A Privacy-Preserving QoS Prediction Framework for Web Service Recommendation
Jieming Zhu, Pinjia He, Zibin Zheng, Michael R. Lyu

TL;DR
This paper introduces a privacy-preserving framework for QoS-based Web service recommendation, using data obfuscation to protect user privacy while maintaining prediction accuracy, demonstrated through experiments on real-world datasets.
Contribution
It is the first to address privacy concerns in Web service QoS prediction by proposing a data obfuscation-based framework and two effective privacy-preserving prediction methods.
Findings
The proposed approaches effectively protect user privacy.
The methods maintain high QoS prediction accuracy.
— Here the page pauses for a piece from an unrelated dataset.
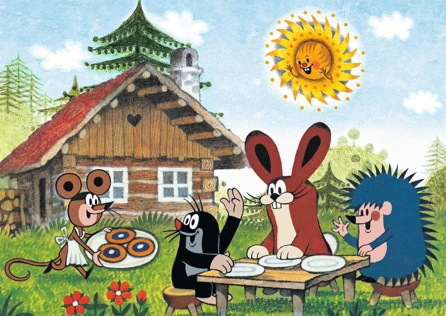 In der malerischen Natur genießen ein Maulwurf, ein Hase, ein Igel und eine Maus ein Picknick vor einem charmanten Holzhaus. Die Sonne scheint warm.

Experimental results validate the framework's feasibility.
Abstract
QoS-based Web service recommendation has recently gained much attention for providing a promising way to help users find high-quality services. To facilitate such recommendations, existing studies suggest the use of collaborative filtering techniques for personalized QoS prediction. These approaches, by leveraging partially observed QoS values from users, can achieve high accuracy of QoS predictions on the unobserved ones. However, the requirement to collect users' QoS data likely puts user privacy at risk, thus making them unwilling to contribute their usage data to a Web service recommender system. As a result, privacy becomes a critical challenge in developing practical Web service recommender systems. In this paper, we make the first attempt to cope with the privacy concerns for Web service recommendation. Specifically, we propose a simple yet effective privacy-preserving framework…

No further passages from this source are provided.